Top of DATA FOR ANALYSIS

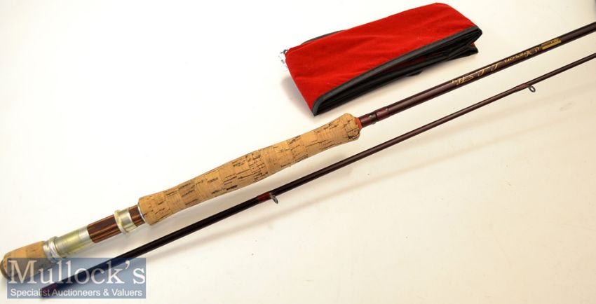Fly rod: Shakespeare Oberon L L Fly carbon rod – 9ft 10in 2pc line 5-7# - fitted with Fuji style lined guides throughout clean 13” shaped cork handle with cork butt extension - fitted with wooden grained reel seat with screw locking winch fittings well looked after rod comes in the original red makers cloth bag (G)
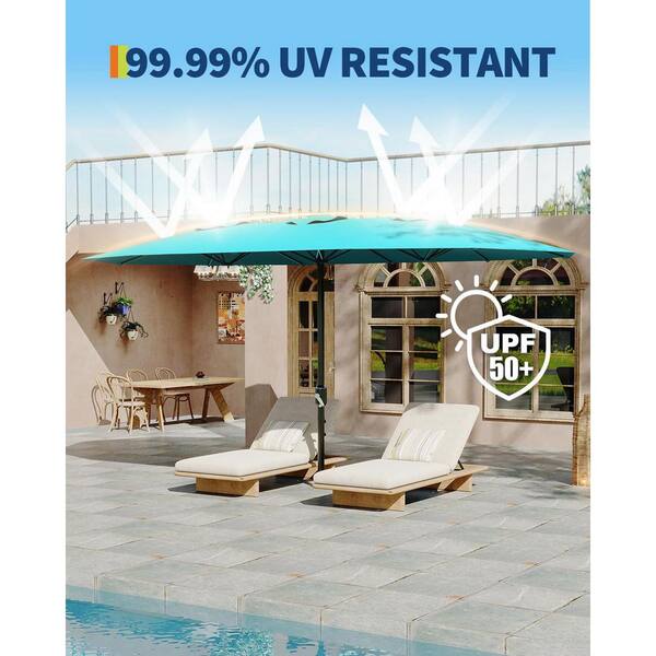 13 ft. Outdoor Double-Sided Rectangular Market Patio Umbrella with Crank Lift in Mist Blue
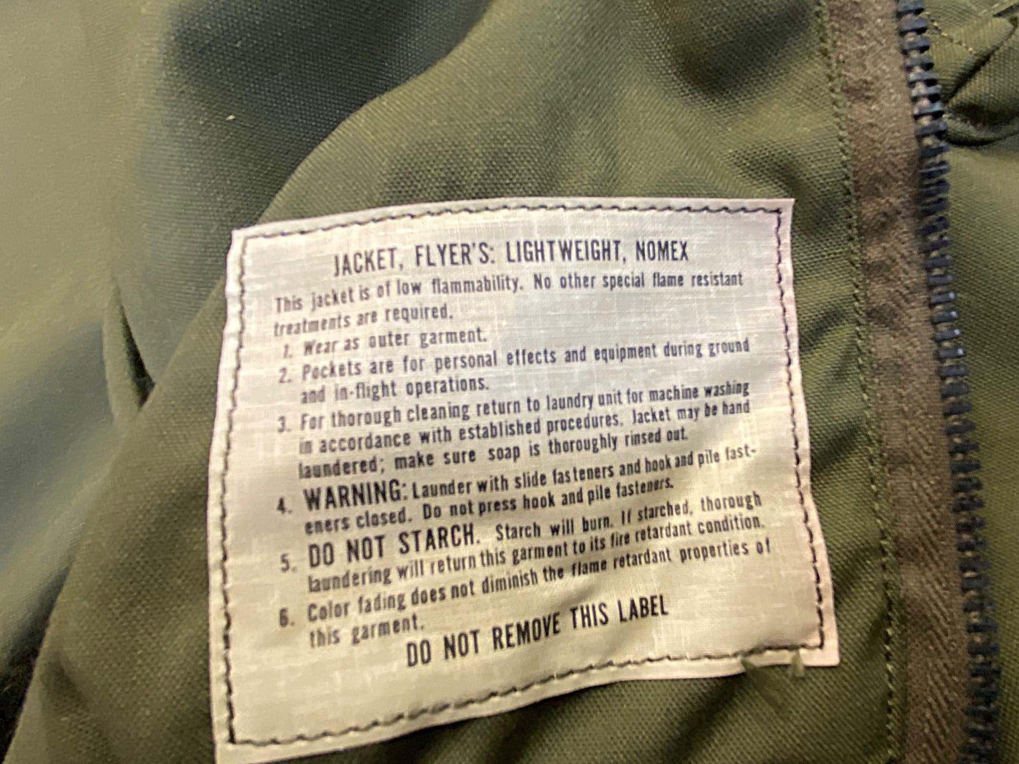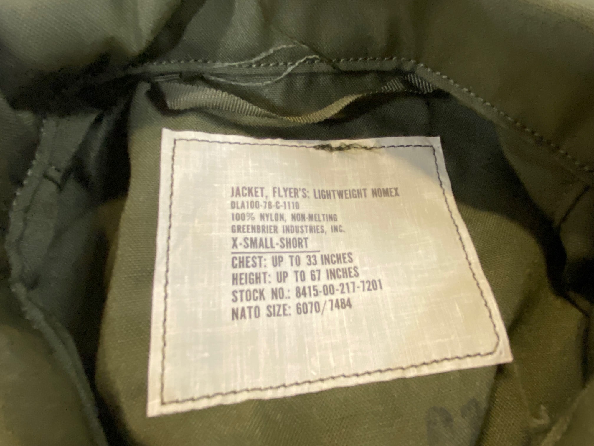 Post Vietnam era 100% Nomex Nylon -non melting flyers Jacket. Made by Greenbrier Industries. SIZE X-SMALL SHORT. New old stock.
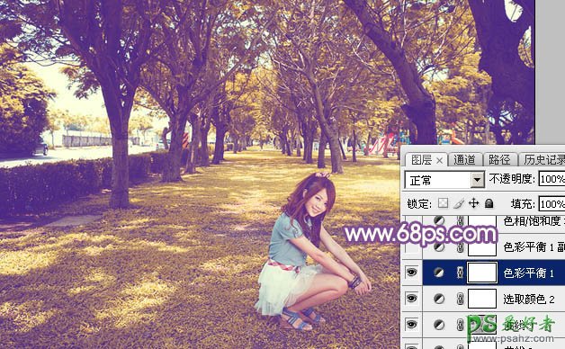 PS调色教程:给公园里极品高跟美女外拍照片调出唯美的淡暖色
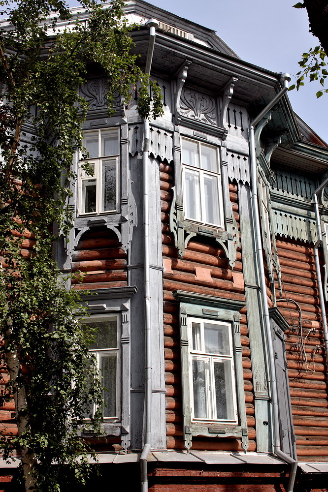 Близко поставленные прямоугольные оконные проемы второго и третьего этажей обрамлены простыми наличниками с небольшой порезкой и накладными элементами. Наличники второго этажа завершены прямыми профилированными полочками, в то время как наличники третьего составляют единый декоративный комплекс с фризом и членящими его кронштейнами.
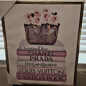 NEW Canvas Fashion Wall Art | Pink Tone Books, Bag With Roses - Canvas Print
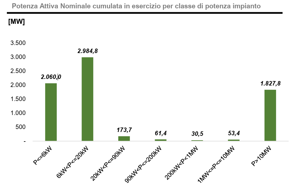 Poco più di 1,8 GW di potenza fa riferimento a sistemi di storage di potenza superiore ai 10 MW. La classe di potenza più importante in termini di connessioni resta ancora una volta quella compresa tra 6 e 20 kW. Questa taglia corrisponde a circa 2,9 GW (41,5% del totale).
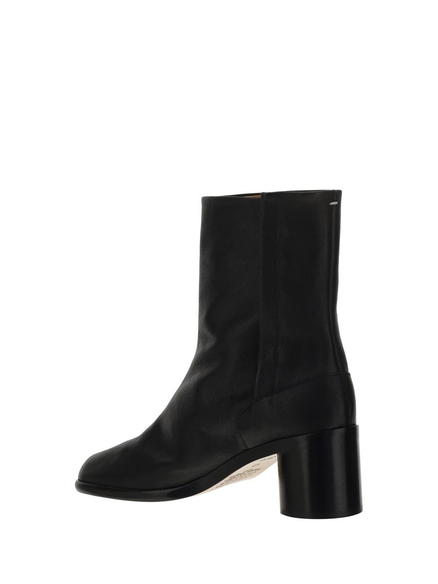 MARGIELA'S LEATHER TABI ANKLE BOOTS EXPRESS AN ICONIC AND DISTINCTIVE AESTHETIC, FEATURING THE FAMOUS TABI ALMOND TOE ON THE FRONT. THE ANKLE-HIGH DESIGN IS COMPLEMENTED BY A CYLINDRICAL HEEL THAT ENSURES STABILITY AND STYLE, WHILE THE INNER PANEL OPENING WITH INTERLOCKING BUTTONS ENSURES A PRACTICAL AND FUNCTIONAL CLOSURE.
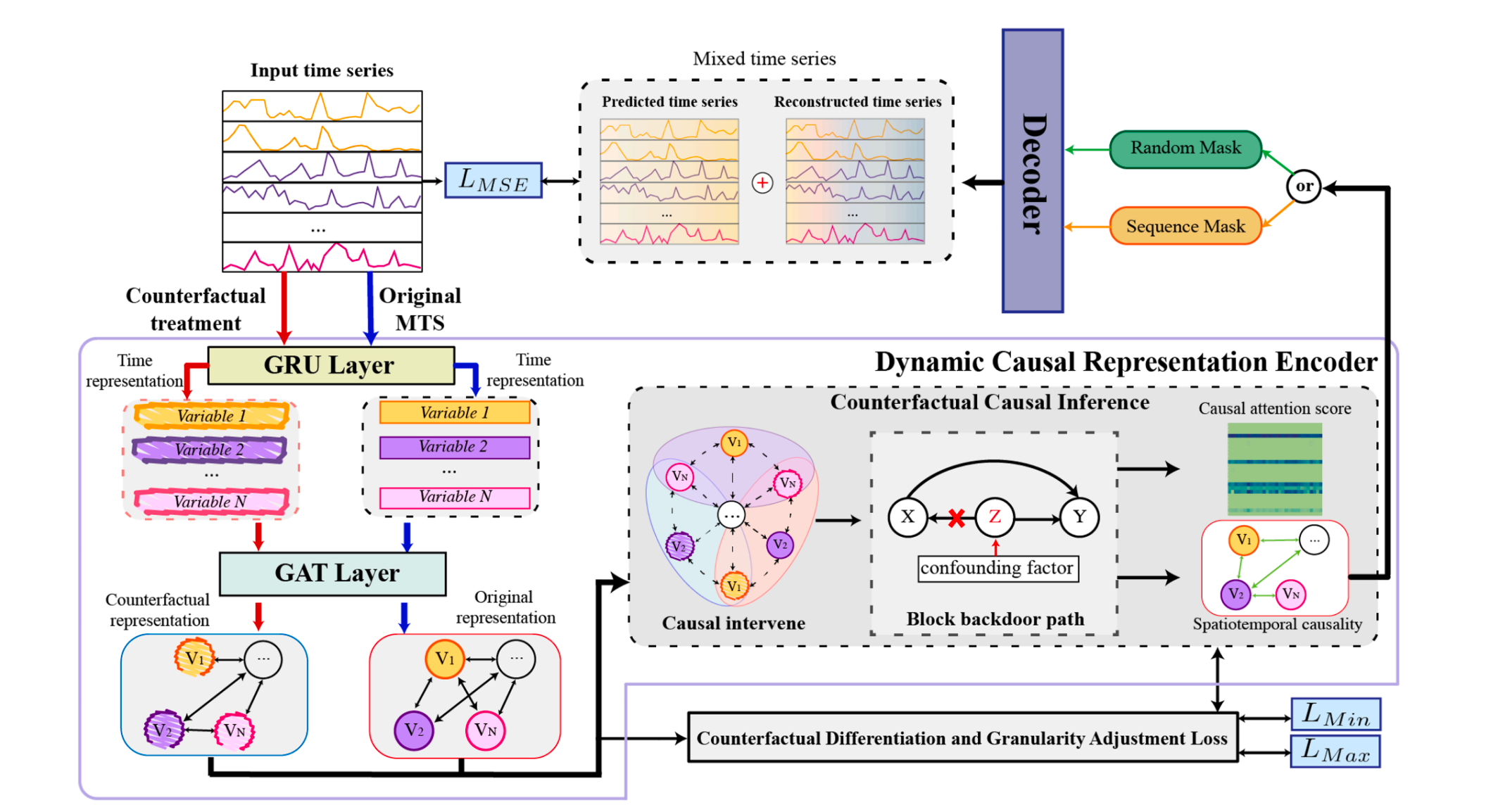 研究成果二:针对已有无监督多元时间序列异常检测方法难以有效地模拟复杂的时空依赖关系,存在着动态混杂因素干扰异常检测的挑战,提出了基于因果推断的细粒度依赖建模方法 SCID。该方法通过构建动态因果表示编码器,利用反事实干预剥离冗余影响因素,准确识别变量间的即时与延迟因果依赖;并引入预测-重构双掩码机制,将时序演化特征与局部结构特征联合建模,从而实现对复杂时空依赖的精细表征。同时,方法在优化目标中加入因果区分与粒度校正项,以缓解多变量粒度不一致带来的偏差,提高对复杂模式演化下异常信号的敏感度。实验结果显示,SCID 在五个真实数据集上取得领先表现,能够有效识别由隐含因果链条驱动的细粒度异常。该成果以“Fine-grained multivariate time series anomaly detection via causal inference”为题,星空下载游戏推荐安卓为第一完成单位,第一作者为我校2023级研究生陈祥炜同学(现为大连理工大学博士研究生),发表在国际知名期刊《Knowledge-Based Systems》上,该期刊属于中科院一区TOP期刊。
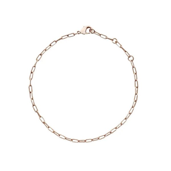 Our oval chain bracelets are plated with 18k gold. 18k rose gold. or rhodium and finished with a protective coating. A little secret we’ll keep between us: it looks way more than it costs.

Bottom of DATA FOR ANALYSIS

▶ REQUIRED ACTION
If a record contains a picture, leave the picture out; repeat the record itself exactly.

▶ WRITTEN REPLY
Fly rod: Shakespeare Oberon L L Fly carbon rod – 9ft 10in 2pc line 5-7# - fitted with Fuji style lined guides throughout clean 13” shaped cork handle with cork butt extension - fitted with wooden grained reel seat with screw locking winch fittings well looked after rod comes in the original red makers cloth bag (G)
 13 ft. Outdoor Double-Sided Rectangular Market Patio Umbrella with Crank Lift in Mist Blue
 Post Vietnam era 100% Nomex Nylon -non melting flyers Jacket. Made by Greenbrier Industries. SIZE X-SMALL SHORT. New old stock.
 PS调色教程:给公园里极品高跟美女外拍照片调出唯美的淡暖色
 Близко поставленные прямоугольные оконные проемы второго и третьего этажей обрамлены простыми наличниками с небольшой порезкой и накладными элементами. Наличники второго этажа завершены прямыми профилированными полочками, в то время как наличники третьего составляют единый декоративный комплекс с фризом и членящими его кронштейнами.
 NEW Canvas Fashion Wall Art | Pink Tone Books, Bag With Roses - Canvas Print
 Poco più di 1,8 GW di potenza fa riferimento a sistemi di storage di potenza superiore ai 10 MW. La classe di potenza più importante in termini di connessioni resta ancora una volta quella compresa tra 6 e 20 kW. Questa taglia corrisponde a circa 2,9 GW (41,5% del totale).
 MARGIELA'S LEATHER TABI ANKLE BOOTS EXPRESS AN ICONIC AND DISTINCTIVE AESTHETIC, FEATURING THE FAMOUS TABI ALMOND TOE ON THE FRONT. THE ANKLE-HIGH DESIGN IS COMPLEMENTED BY A CYLINDRICAL HEEL THAT ENSURES STABILITY AND STYLE, WHILE THE INNER PANEL OPENING WITH INTERLOCKING BUTTONS ENSURES A PRACTICAL AND FUNCTIONAL CLOSURE.
 研究成果二:针对已有无监督多元时间序列异常检测方法难以有效地模拟复杂的时空依赖关系,存在着动态混杂因素干扰异常检测的挑战,提出了基于因果推断的细粒度依赖建模方法 SCID。该方法通过构建动态因果表示编码器,利用反事实干预剥离冗余影响因素,准确识别变量间的即时与延迟因果依赖;并引入预测-重构双掩码机制,将时序演化特征与局部结构特征联合建模,从而实现对复杂时空依赖的精细表征。同时,方法在优化目标中加入因果区分与粒度校正项,以缓解多变量粒度不一致带来的偏差,提高对复杂模式演化下异常信号的敏感度。实验结果显示,SCID 在五个真实数据集上取得领先表现,能够有效识别由隐含因果链条驱动的细粒度异常。该成果以“Fine-grained multivariate time series anomaly detection via causal inference”为题,星空下载游戏推荐安卓为第一完成单位,第一作者为我校2023级研究生陈祥炜同学(现为大连理工大学博士研究生),发表在国际知名期刊《Knowledge-Based Systems》上,该期刊属于中科院一区TOP期刊。
 Our oval chain bracelets are plated with 18k gold. 18k rose gold. or rhodium and finished with a protective coating. A little secret we’ll keep between us: it looks way more than it costs.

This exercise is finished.